Resurgence of WWI-Era “gas Gangrene” Threatens Ukrainian Soldiers Due to Drone-Hindered evacuations
Zaporizhzhia, Ukraine – Russian drone attacks are severely hampering medical evacuations in Ukraine, leading to a dangerous rise in cases of gas gangrene – a rare and often fatal infectious disease not widely seen since World War I, according to reports from Ukrainian medics and a volunteer paramedic working near teh front lines.
The Telegraph newspaper reports that the delays in getting wounded soldiers to proper medical facilities are creating conditions ripe for the progress of this tissue-destroying infection, typically caused by bacteria entering deep wounds. Gas gangrene was a notable killer of wounded soldiers during the First World War, before the advent of widespread antibiotic use.
A foreign volunteer medic in the Zaporizhzhia region described the situation as unprecedented. “Such delays in evacuation have never occurred in the last 50 years – probably not as the Second World War, perhaps even longer. And we are seeing clinical pictures that we have never seen before,” the medic told the Telegraph.
The paramedic detailed instances of injured soldiers being kept alive “as best as possible” underground for weeks due to the inability to transport them quickly to hospitals. Even with treatment in a clinical setting, recovery from gas gangrene is not guaranteed, and without intervention, the risk of fatality is nearly 100 percent, according to a lecturer at King’s College London cited in the report.
While the risk of death from infection was reduced during World War II with the introduction of antibiotics, the Telegraph reports that antibiotic resistance is now complicating treatment efforts. Furthermore, the makeshift medical facilities established in cellars and bunkers lack the necessary sterile conditions and resources to effectively combat the infection. These facilities are currently focused on “damage control operations” – addressing immediate, life-threatening injuries within the first 24 to 48 hours.

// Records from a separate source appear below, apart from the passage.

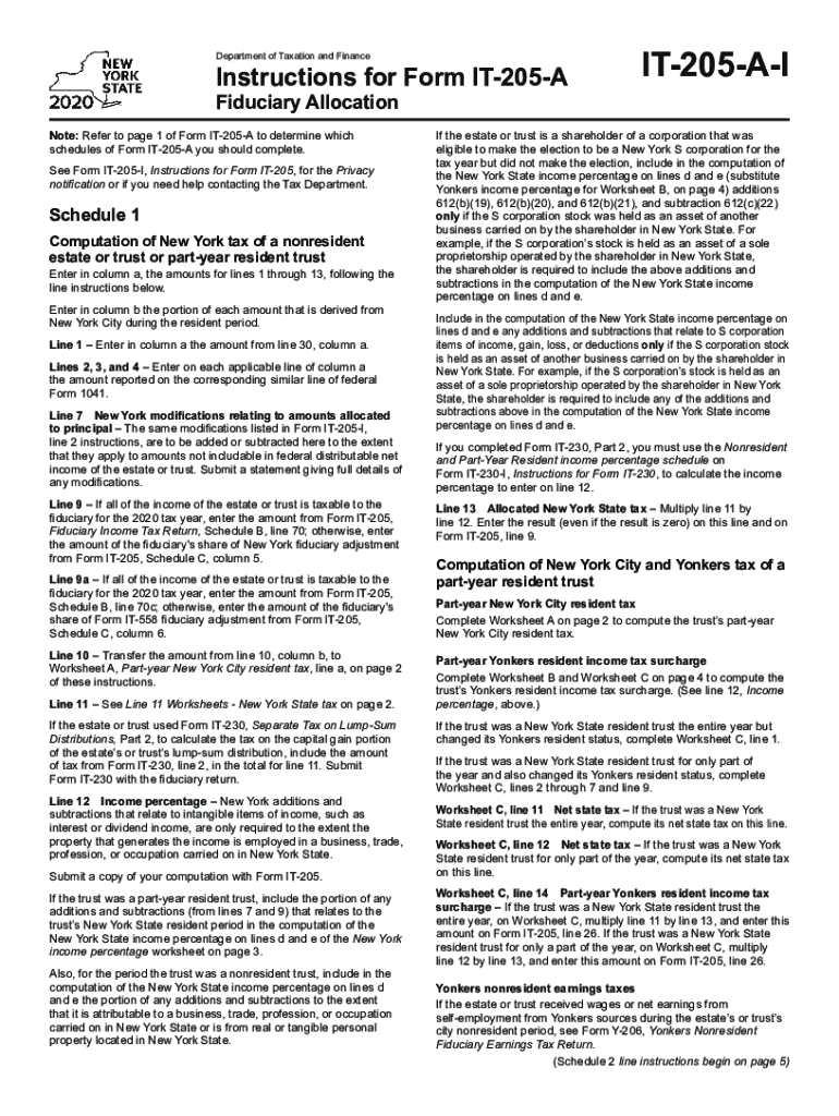 Department of Taxation and FinanceInstructions for Form IT205A Fiduciary Allocation Note: Refer to page 1 of Form IT205A to determine which schedules of Form IT205A you should complete. See Form IT205I,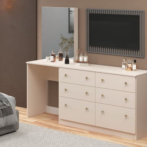 Itens Inclusos: 1 Comoda e Penteadeira , Manual de Montagem, Kit Ferragem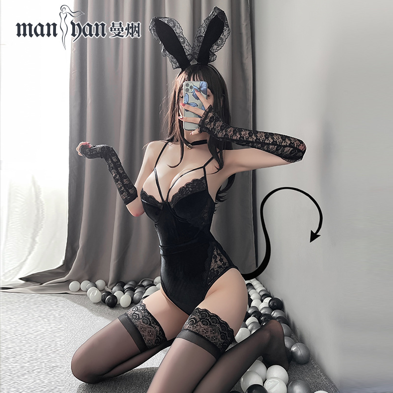 マンヤンセクシーランジェリー女性のセクシーなオープンクロッチレースバックリボンワンピースソフトかわいい猫メイド制服 100198
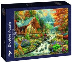 Bluebird 1000 db-os puzzle - Alpine Serenity  című képén egy idilli, alpesi kunyhó látható patakkal, őzikékkel, szarvassal és vadludakkal a környezetében, Chuck Pinson amerikai festőművész alkotásában.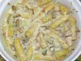 La ricetta originaria prevedeva che il piatto, preparato piuttosto liquido, venisse poi servito in una ciotola coperta con della pasta sfoglia, passata al forno.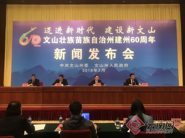 云南网讯 (记者 贺凯)3月24日,以“迈进新时代 建设新文山”为主题的文山壮族苗族自治州建州60周年新闻发布会在昆明举行。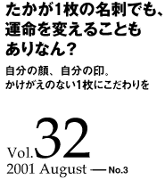 最近では、学生やフリーターと呼ばれる人でもマイ名刺と呼ばれるものをもっていることが多い。お友達に会うときにも交換したりするそうだ。しかし、私の時代?の場合、正統派。22歳、会社員になったとき、はじめて総務部長か担当の係長だったか忘れたが、とにかく名刺が100枚入ったプラスチック箱を手渡されたときは、いたく感動したものだ。自分の名前が印字されているものは、当時、学生時代までにはあまりお目にかからない。小学校時代に使った名前のゴム印などは記憶にあるが、自分の名前が入った印刷物はあまり目にしたことがない。しかも「私はこういうものです」と偉そうに差し出すものがあるというのは、かっこいい。一人前になった気分である。名刺とは、物心ついた最初のアイデンティティーツールなのかもしれない。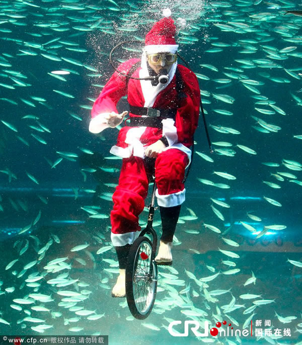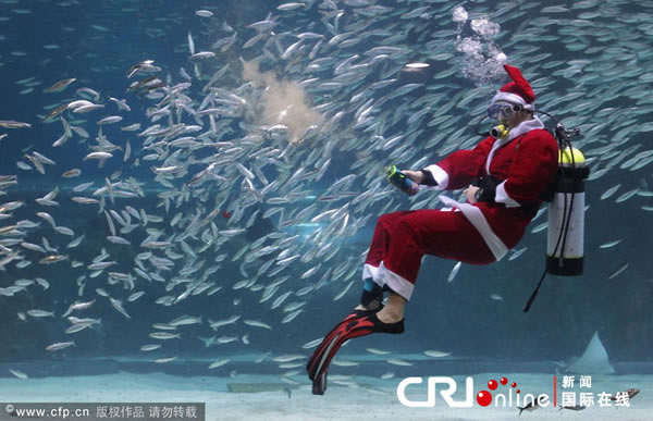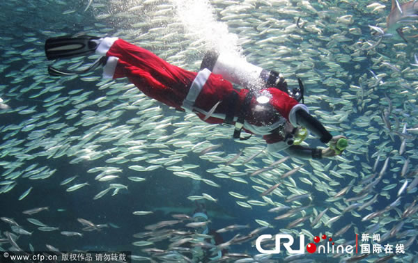 韩国潜水员打扮成圣诞老人在水族箱中同鱼儿共舞 来源: 蜘蛛网 时间:2012年12月09日 10:03 韩国潜水员打扮成圣诞老人在水族箱中同鱼儿共舞 韩国潜水员打扮成圣诞老人在水族箱中同鱼儿共舞 韩国潜水员打扮成圣诞老人在水族箱中同鱼儿共舞 当地时间2012年12月8日,韩国首尔,韩国潜水员身着圣诞老人的服装,在水族箱中同鱼儿共舞。 上一篇 下一篇 TAG: 韩国 圣诞老人

“We’re seeing more and more people with injuries that should be survivable – for example amputations or cases were someone just needs a blood transfusion - dying on the spot,” the paramedic lamented. “so many of them can’t be evacuated in time and just don’t make it.”
The resurgence of this historically devastating illness underscores the critical impact of Russia’s drone warfare on the ability to provide timely medical care to Ukrainian soldiers.